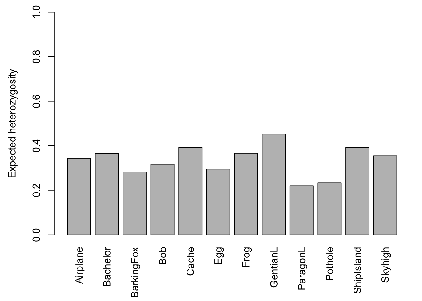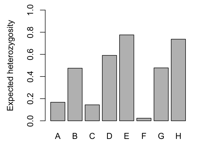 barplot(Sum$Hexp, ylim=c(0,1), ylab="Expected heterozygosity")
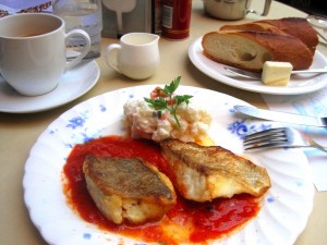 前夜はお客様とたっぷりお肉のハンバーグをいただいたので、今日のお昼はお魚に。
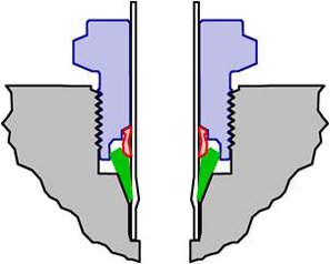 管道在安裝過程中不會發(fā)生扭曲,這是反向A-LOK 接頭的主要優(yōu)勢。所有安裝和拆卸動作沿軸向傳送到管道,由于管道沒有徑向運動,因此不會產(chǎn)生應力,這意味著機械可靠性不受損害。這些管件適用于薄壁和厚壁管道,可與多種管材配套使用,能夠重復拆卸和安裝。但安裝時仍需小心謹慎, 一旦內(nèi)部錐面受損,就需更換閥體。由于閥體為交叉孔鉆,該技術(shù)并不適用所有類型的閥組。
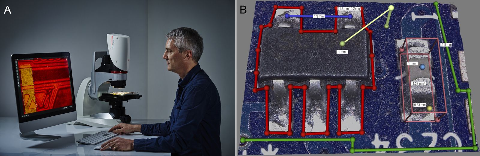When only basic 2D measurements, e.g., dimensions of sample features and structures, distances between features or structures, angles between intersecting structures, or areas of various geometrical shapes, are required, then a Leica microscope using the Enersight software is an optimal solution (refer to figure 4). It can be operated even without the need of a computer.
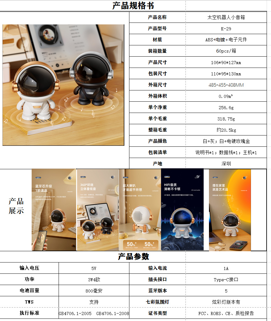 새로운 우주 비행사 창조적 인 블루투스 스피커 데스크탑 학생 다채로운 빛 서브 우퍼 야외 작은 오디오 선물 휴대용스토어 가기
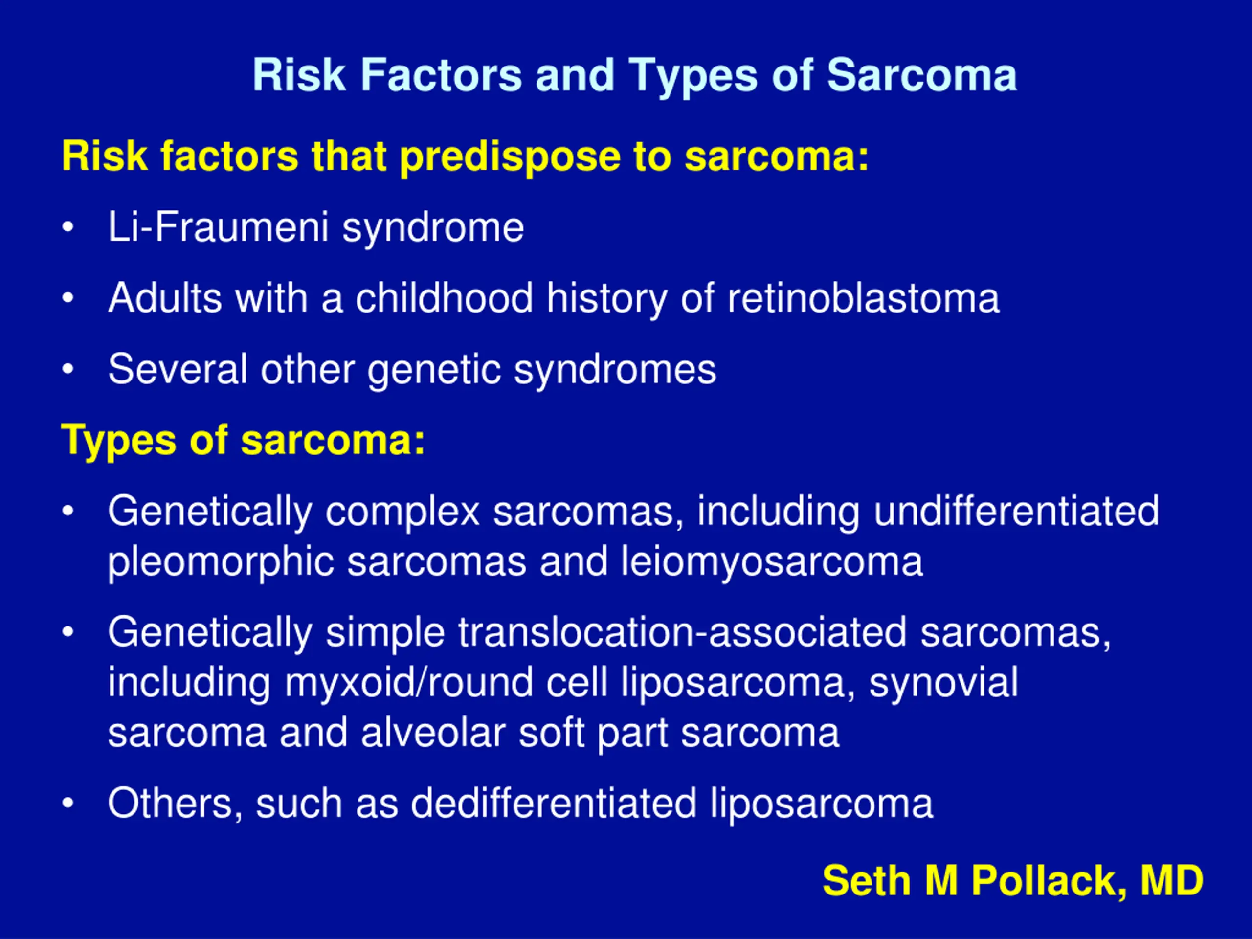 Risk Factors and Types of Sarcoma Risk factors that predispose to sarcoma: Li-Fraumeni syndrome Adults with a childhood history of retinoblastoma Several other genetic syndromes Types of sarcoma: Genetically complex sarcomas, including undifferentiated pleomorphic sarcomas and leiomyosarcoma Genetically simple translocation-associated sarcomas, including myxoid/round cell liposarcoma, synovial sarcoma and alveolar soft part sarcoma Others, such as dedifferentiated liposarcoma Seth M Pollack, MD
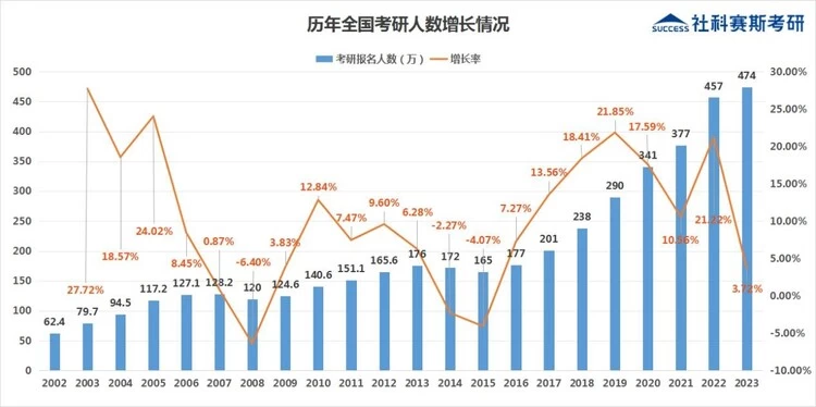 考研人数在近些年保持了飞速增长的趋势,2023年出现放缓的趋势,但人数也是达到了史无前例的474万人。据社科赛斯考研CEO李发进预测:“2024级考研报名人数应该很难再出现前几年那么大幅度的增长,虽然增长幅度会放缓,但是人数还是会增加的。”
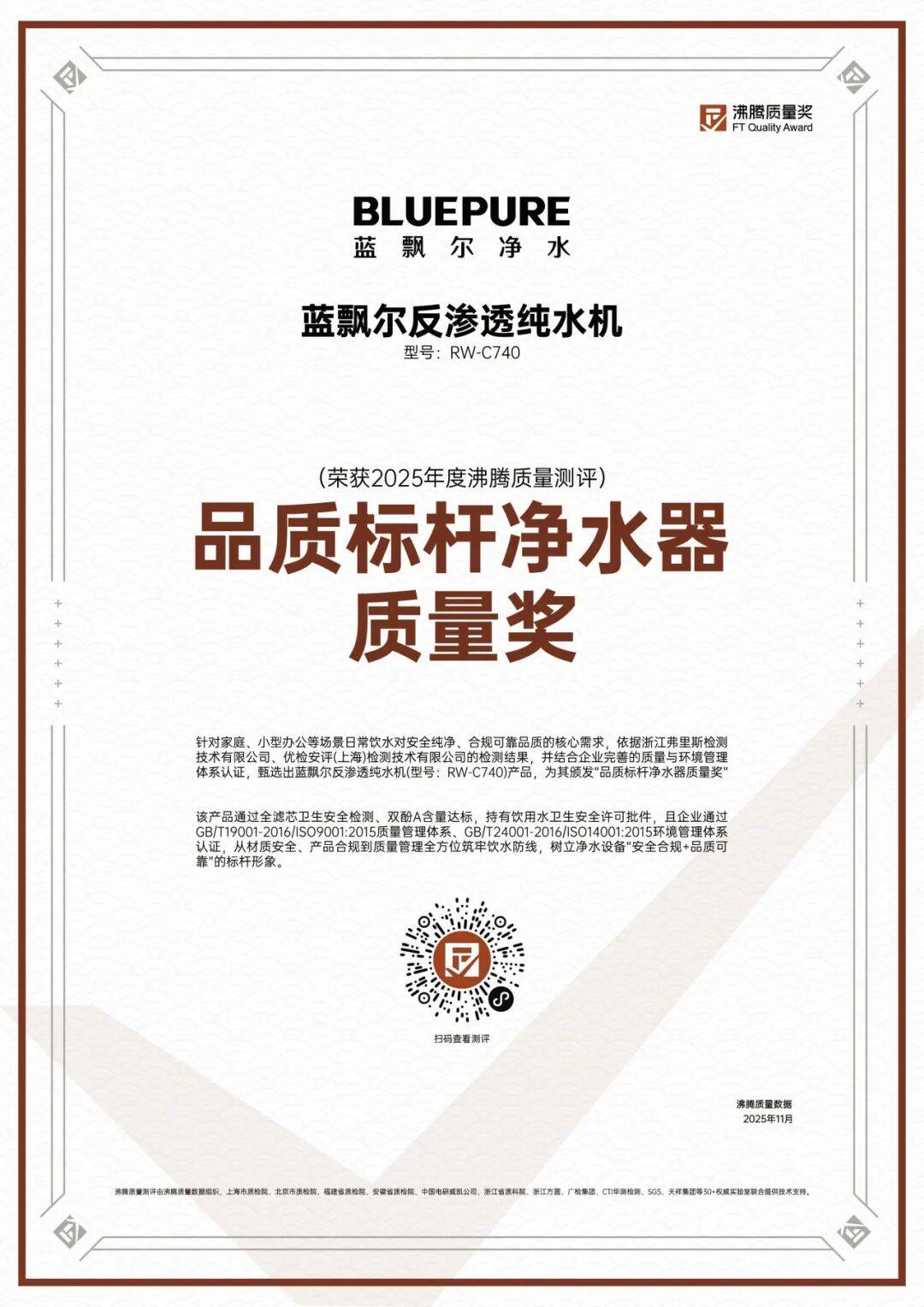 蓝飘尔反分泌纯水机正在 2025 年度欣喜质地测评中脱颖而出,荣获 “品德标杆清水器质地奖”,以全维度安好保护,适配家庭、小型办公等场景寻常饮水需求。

- - - -

- [Task instructions]:
Exact repeat of the material above: every line from the one with "When only basic" through the one with "Risk Factors and", endpoints included, and nothing more. No pictures.

- [Answer section]:
When only basic 2D measurements, e.g., dimensions of sample features and structures, distances between features or structures, angles between intersecting structures, or areas of various geometrical shapes, are required, then a Leica microscope using the Enersight software is an optimal solution (refer to figure 4). It can be operated even without the need of a computer.
 새로운 우주 비행사 창조적 인 블루투스 스피커 데스크탑 학생 다채로운 빛 서브 우퍼 야외 작은 오디오 선물 휴대용스토어 가기
 Risk Factors and Types of Sarcoma Risk factors that predispose to sarcoma: Li-Fraumeni syndrome Adults with a childhood history of retinoblastoma Several other genetic syndromes Types of sarcoma: Genetically complex sarcomas, including undifferentiated pleomorphic sarcomas and leiomyosarcoma Genetically simple translocation-associated sarcomas, including myxoid/round cell liposarcoma, synovial sarcoma and alveolar soft part sarcoma Others, such as dedifferentiated liposarcoma Seth M Pollack, MD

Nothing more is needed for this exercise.